=== Begin Enclosure ===

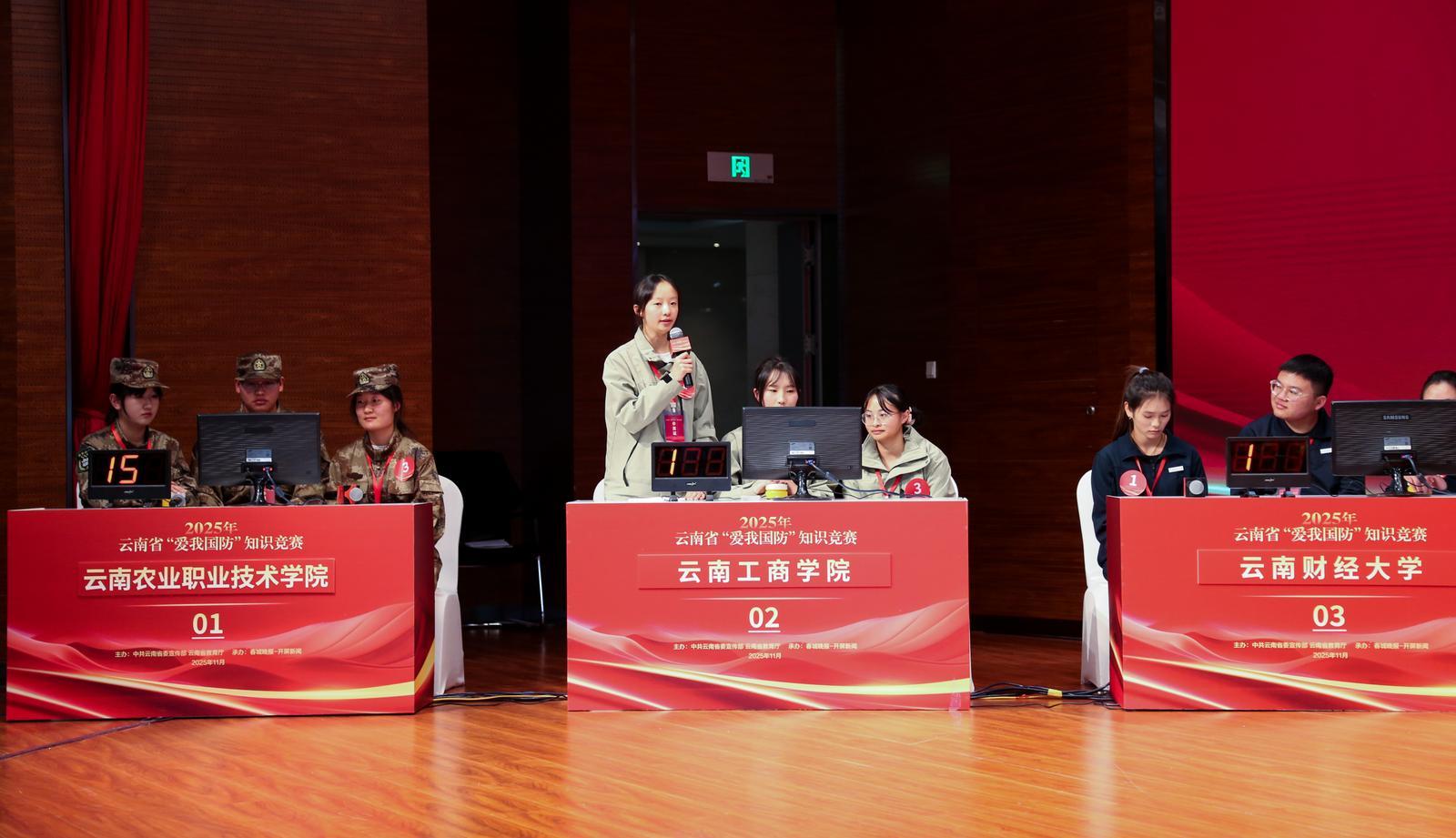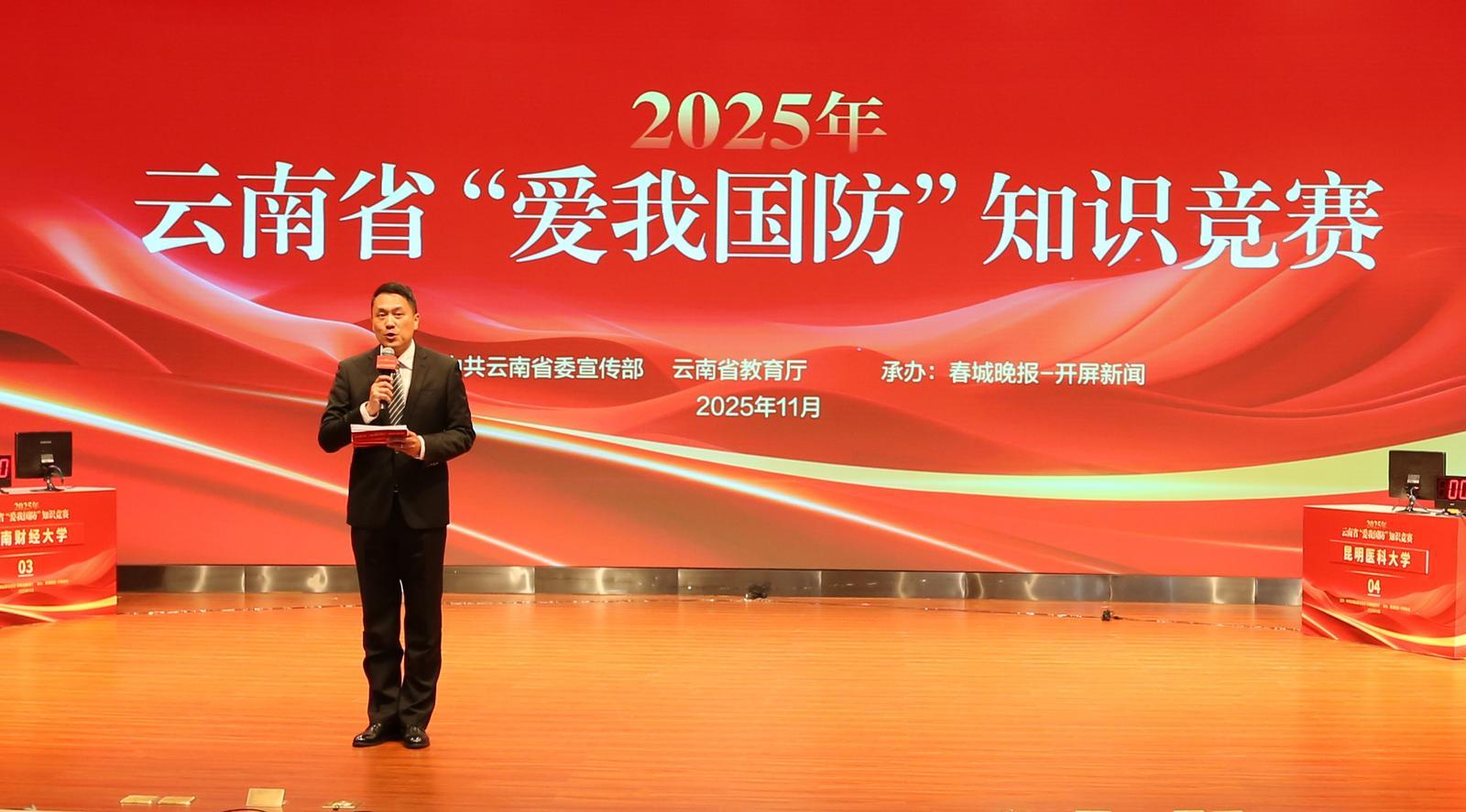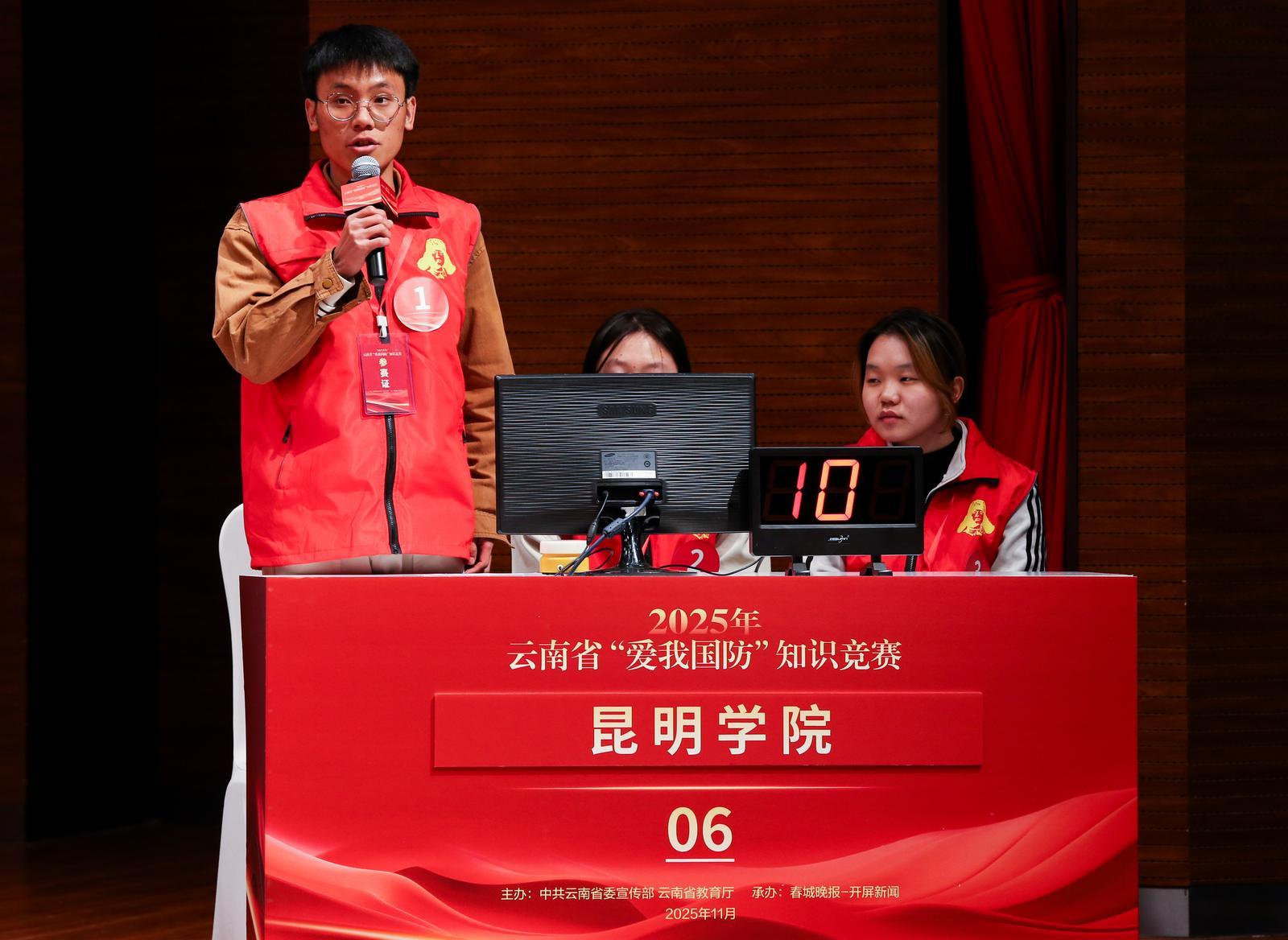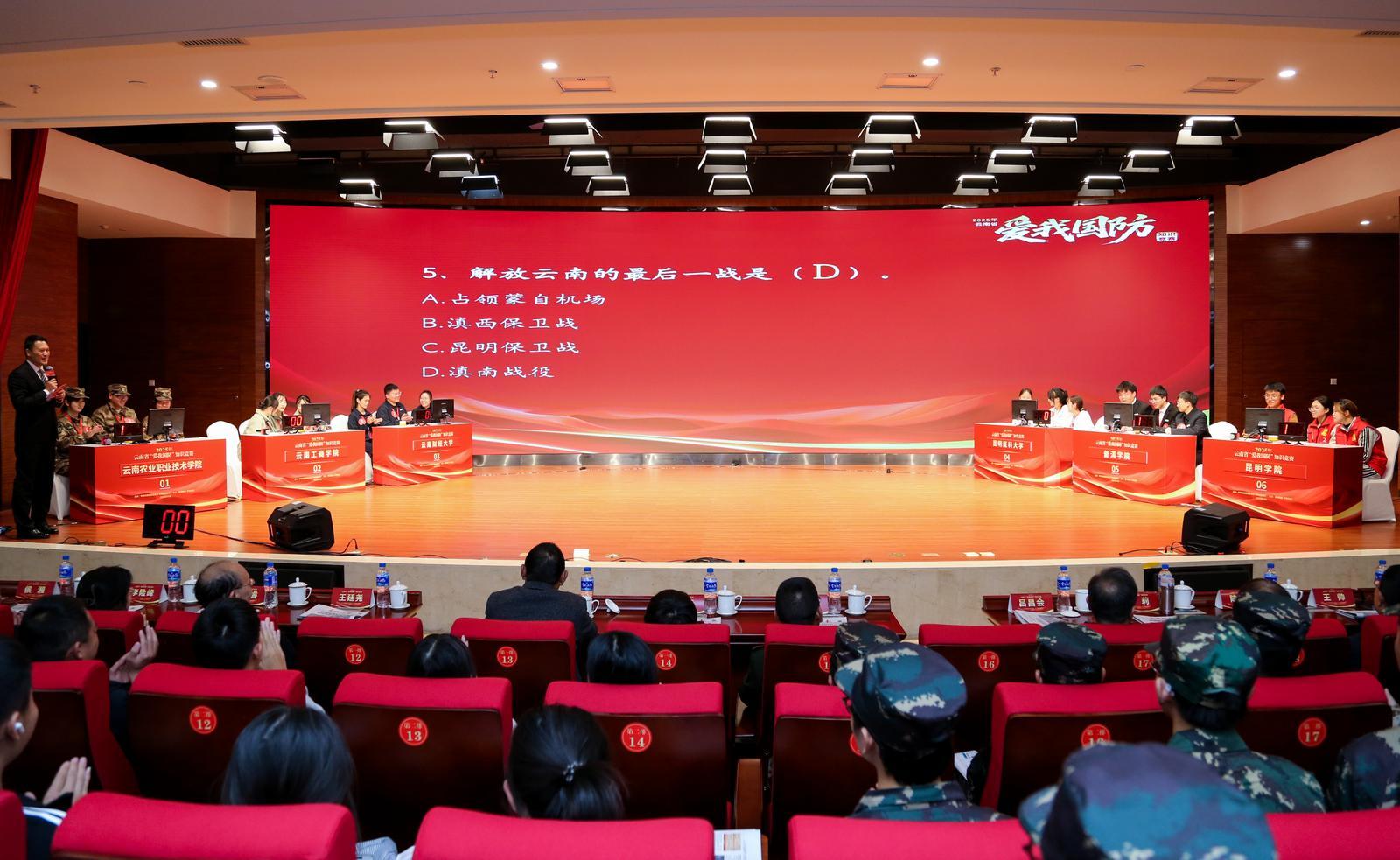11月26日,由中共云南省委宣传部、云南省教育厅主办,春城晚报-开屏新闻承办的2025年云南省“爱我国防”知识竞赛现场竞赛活动在昆明云报传媒广场举办。来自6所高校的参赛队伍齐聚一堂,围绕国防教育知识展开了一场激烈的较量。
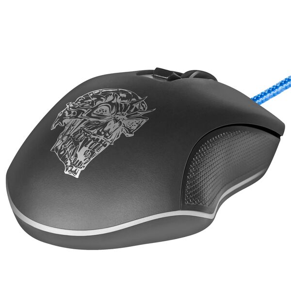 Проводная мышь с высоким разрешением станет залогом ваших достижений в видеоиграх. Для управления процессом она получила сразу 6 кнопок, включая программируемые. Представленная модель облачена в черный корпус, украшенный стильным рисунком и многоцветной подсветкой. Выполнен из резины и матового пластика. Форма предназначена для правой руки. Поставляется вместе с черным ковриком. Присоединяется к компьютеру за счет 1.5 метрового кабеля в тканевой оплетке.
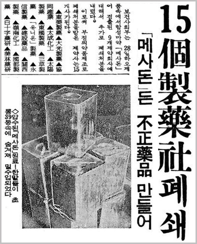 1965년 대한민국을 뒤집은 '메사돈 파동'은 제약회사들이 합성마약 메사돈을 넣은 의약품을 팔아 평범한 사람들을 마약중독자로 만들었던 사건이다. 기업윤리는 개나줘버린 제약회사와, 부패한 공무원과, 뒤를 봐주던 정치인의 3박자가 잘 맞은 희대의 좆같은 사건이다.
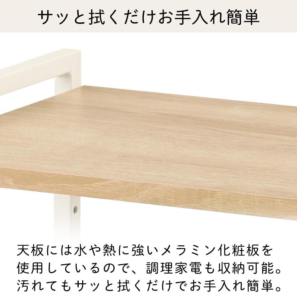 天板耐荷重は最大伸縮時約8kgとしっかりした丈夫なつくりです!調味料のボトルや調理器具、調理家電などもまとめて収納できます。水や熱に強くお手入れが簡単!天板には水や熱に強いメラミン化粧板を使用しているので、調理家電も収納可能です。また、汚れてもサッと拭くだけだから、お手入れラクラク。
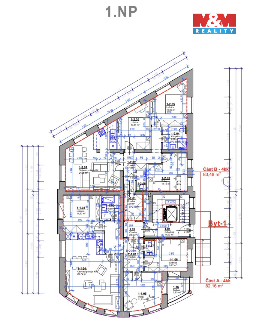 Celková plocha bytu činí 166 m² a doplňuje ji balkon o velikosti 3 m².
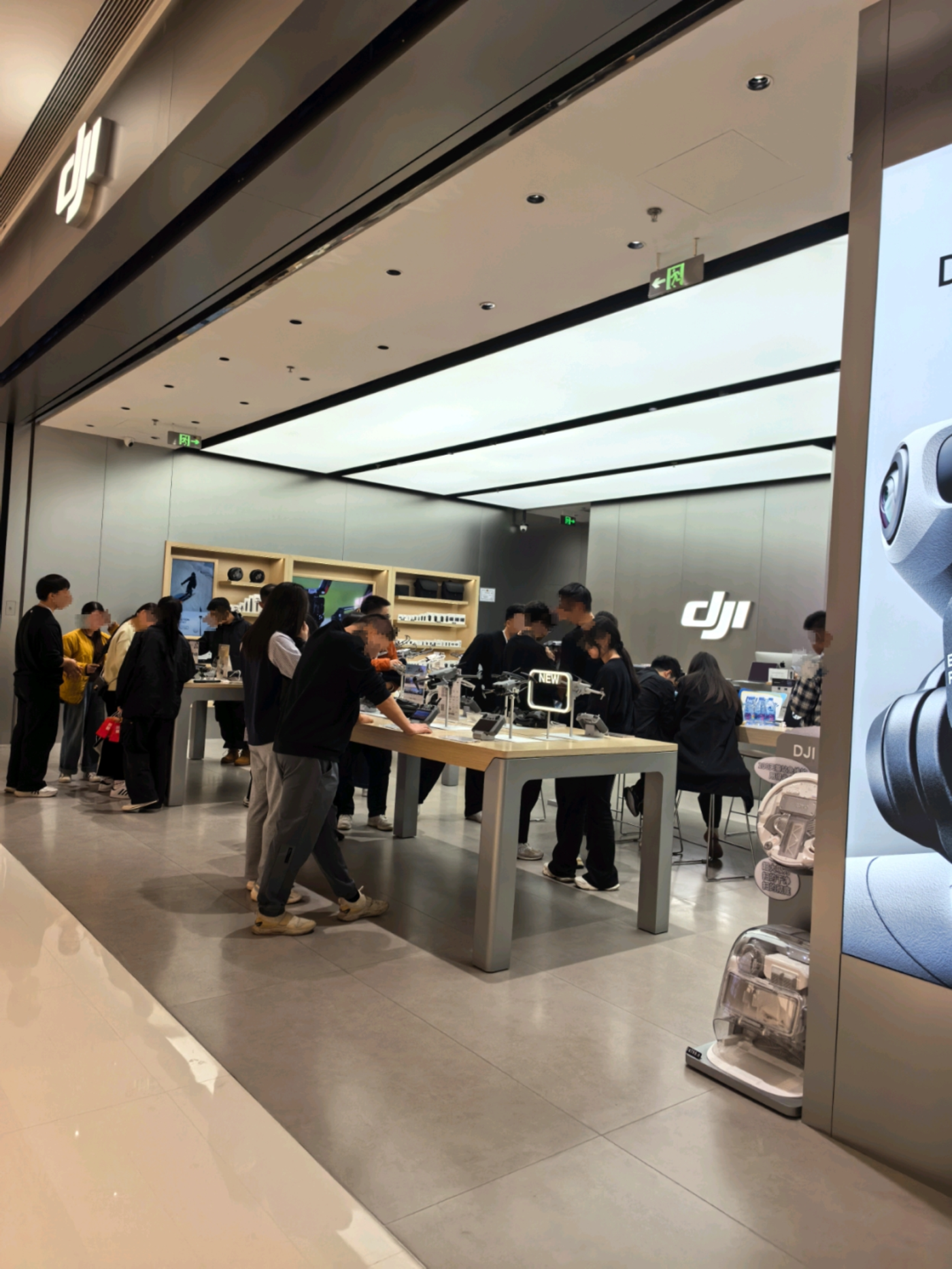 大疆店内,顾客正在体验产品,作者拍摄

=== End Enclosure ===

▶ _Activity_
Skip every picture and transcribe the data above exactly.

▶ _Answer for the task_
11月26日,由中共云南省委宣传部、云南省教育厅主办,春城晚报-开屏新闻承办的2025年云南省“爱我国防”知识竞赛现场竞赛活动在昆明云报传媒广场举办。来自6所高校的参赛队伍齐聚一堂,围绕国防教育知识展开了一场激烈的较量。
 Проводная мышь с высоким разрешением станет залогом ваших достижений в видеоиграх. Для управления процессом она получила сразу 6 кнопок, включая программируемые. Представленная модель облачена в черный корпус, украшенный стильным рисунком и многоцветной подсветкой. Выполнен из резины и матового пластика. Форма предназначена для правой руки. Поставляется вместе с черным ковриком. Присоединяется к компьютеру за счет 1.5 метрового кабеля в тканевой оплетке.
 1965년 대한민국을 뒤집은 '메사돈 파동'은 제약회사들이 합성마약 메사돈을 넣은 의약품을 팔아 평범한 사람들을 마약중독자로 만들었던 사건이다. 기업윤리는 개나줘버린 제약회사와, 부패한 공무원과, 뒤를 봐주던 정치인의 3박자가 잘 맞은 희대의 좆같은 사건이다.
 天板耐荷重は最大伸縮時約8kgとしっかりした丈夫なつくりです!調味料のボトルや調理器具、調理家電などもまとめて収納できます。水や熱に強くお手入れが簡単!天板には水や熱に強いメラミン化粧板を使用しているので、調理家電も収納可能です。また、汚れてもサッと拭くだけだから、お手入れラクラク。
 Celková plocha bytu činí 166 m² a doplňuje ji balkon o velikosti 3 m².
 大疆店内,顾客正在体验产品,作者拍摄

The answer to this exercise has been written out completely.